# [TASK GOAL]
Copy the complete listing word for word, but do not carry over any images.

# [RECORDS FOR THIS TASK]
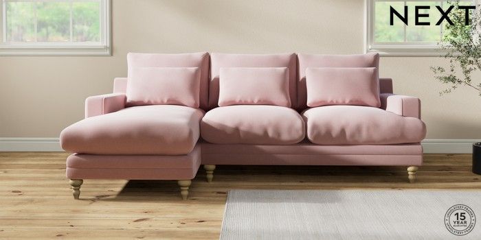 7.0.3 Buy Hutton Deep Relaxed Sit Medium Sofa Chaise - Left Hand Natural Mix Light Rose Pink Country Turned - Light from the Next UK online shop Click here to use our accessible website
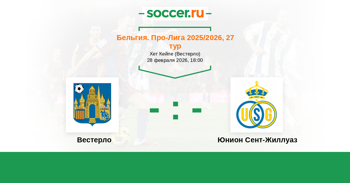 Бельгия. Про-Лига 27.09.2025 Юнион Сент-Жиллуаз Логотип футбольный клуб Юнион Сент-Жиллуаз (Брюссель) 2:0 Логотип футбольный клуб Вестерло Вестерло
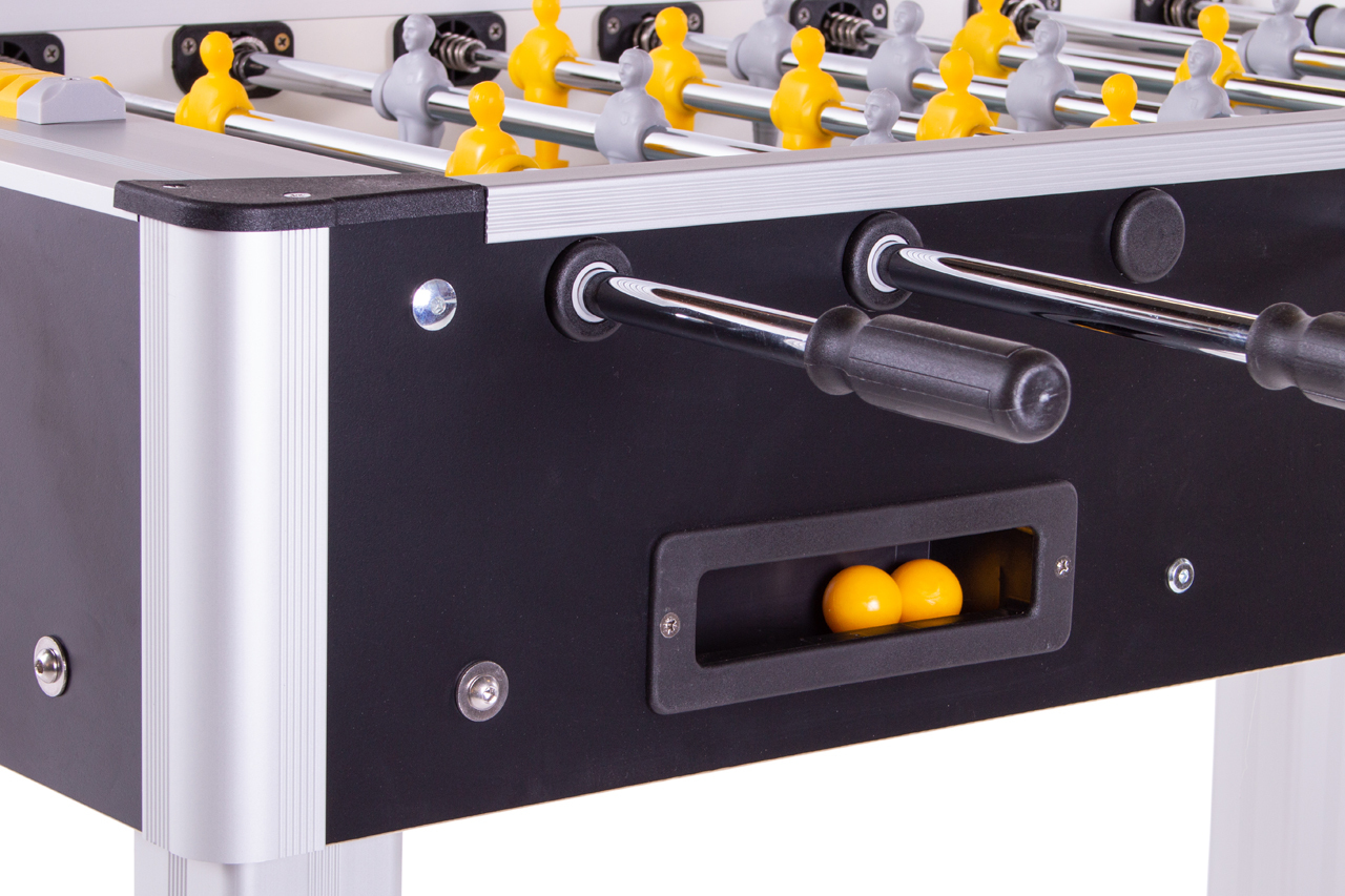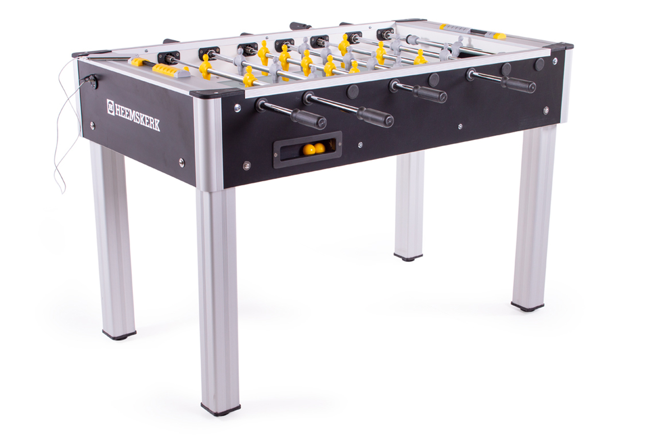 Bordfodbold i kraftig kvalitet som tåler hårdt slid. Vinklet spilleplade i hjørnerne så bolden aldrig ligger stille. Fremstillet i laminat med ben i metal. Solide teleskopstænger med spillere som er formet til at give bedst mulig boldkontrol. Leveres usamlet. Mål: 126x76x92 cm. Vægt 70 kg.
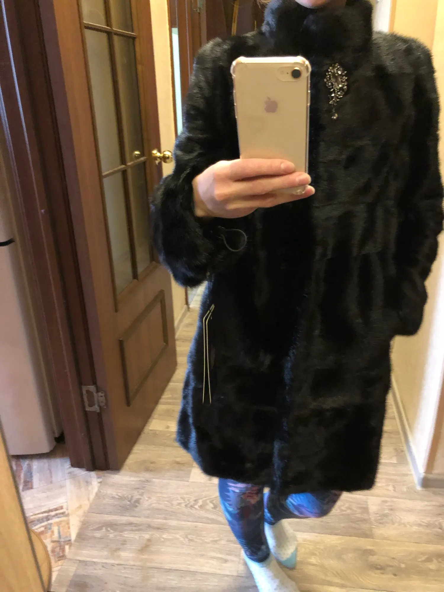 Длина шубы никого не смущает, она 85 см, а должна быть 90см, я доплатила за удлинение на 10см 60$. Под свои ботфорты и теперь мне не хватает этих 5см, кошмар. В остальном мех и пошив вроде нормальный, думала там нет пуговицы только брошь, эта старческая пуговица убивает,. И карманы... Карманы проем 13см...очень узко, пару раз залезла в карман и... и внизу порыв в 0.5 см. Открыла спор за длину, цвет интересный, очень красивы, вроде серый вроде с бежевым оттенком. Нет запаса ни по длине ни на рукавах, мех впритык подклад
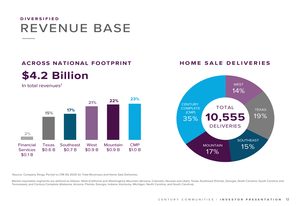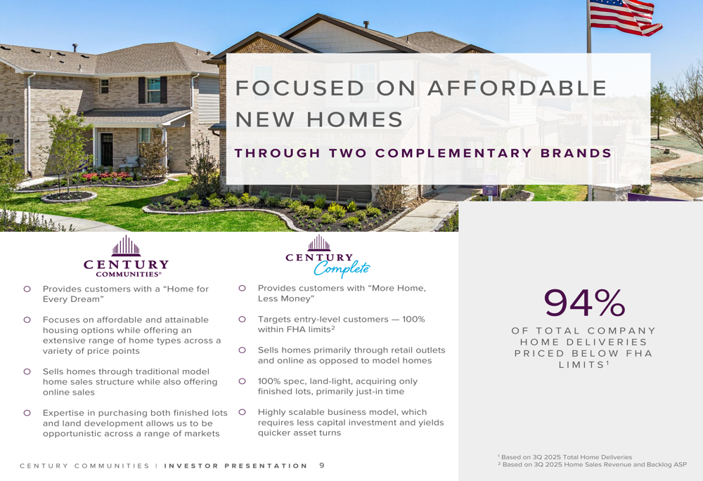 Century Communities operates through two complementary brands targeting the affordable housing segment. The Century Communities brand focuses on attainable housing with a traditional model home sales structure, while Century Complete targets entry-level customers with a "More Home, Less Money" value proposition, selling primarily through retail outlets and online. Notably, 94% of the company’s total home deliveries are priced below FHA limits, underscoring its commitment to affordable housing.
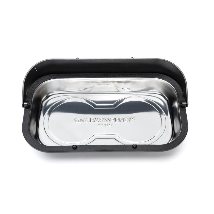 The magnetic parts trays from GEARWRENCH keep all of your small parts and pieces in one place while you work. The fully magnetized trays can be mounted vertically or horizontally to any ferrous metal surface, and the swiveling plastic rim keeps your non-magnetic items from falling out of the tray when hung vertically.
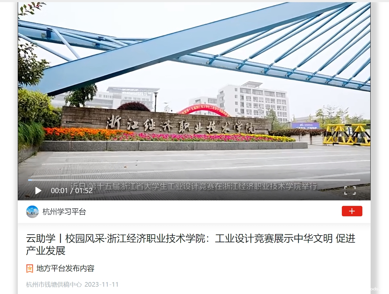 近日,《学习强国》刊发展示我校承办的第十五届浙江省大学生工业设计竞赛实况。

# [TASK RESULT]
 7.0.3 Buy Hutton Deep Relaxed Sit Medium Sofa Chaise - Left Hand Natural Mix Light Rose Pink Country Turned - Light from the Next UK online shop Click here to use our accessible website
 Бельгия. Про-Лига 27.09.2025 Юнион Сент-Жиллуаз Логотип футбольный клуб Юнион Сент-Жиллуаз (Брюссель) 2:0 Логотип футбольный клуб Вестерло Вестерло
 Bordfodbold i kraftig kvalitet som tåler hårdt slid. Vinklet spilleplade i hjørnerne så bolden aldrig ligger stille. Fremstillet i laminat med ben i metal. Solide teleskopstænger med spillere som er formet til at give bedst mulig boldkontrol. Leveres usamlet. Mål: 126x76x92 cm. Vægt 70 kg.
 Длина шубы никого не смущает, она 85 см, а должна быть 90см, я доплатила за удлинение на 10см 60$. Под свои ботфорты и теперь мне не хватает этих 5см, кошмар. В остальном мех и пошив вроде нормальный, думала там нет пуговицы только брошь, эта старческая пуговица убивает,. И карманы... Карманы проем 13см...очень узко, пару раз залезла в карман и... и внизу порыв в 0.5 см. Открыла спор за длину, цвет интересный, очень красивы, вроде серый вроде с бежевым оттенком. Нет запаса ни по длине ни на рукавах, мех впритык подклад
 Century Communities operates through two complementary brands targeting the affordable housing segment. The Century Communities brand focuses on attainable housing with a traditional model home sales structure, while Century Complete targets entry-level customers with a "More Home, Less Money" value proposition, selling primarily through retail outlets and online. Notably, 94% of the company’s total home deliveries are priced below FHA limits, underscoring its commitment to affordable housing.
 The magnetic parts trays from GEARWRENCH keep all of your small parts and pieces in one place while you work. The fully magnetized trays can be mounted vertically or horizontally to any ferrous metal surface, and the swiveling plastic rim keeps your non-magnetic items from falling out of the tray when hung vertically.
 近日,《学习强国》刊发展示我校承办的第十五届浙江省大学生工业设计竞赛实况。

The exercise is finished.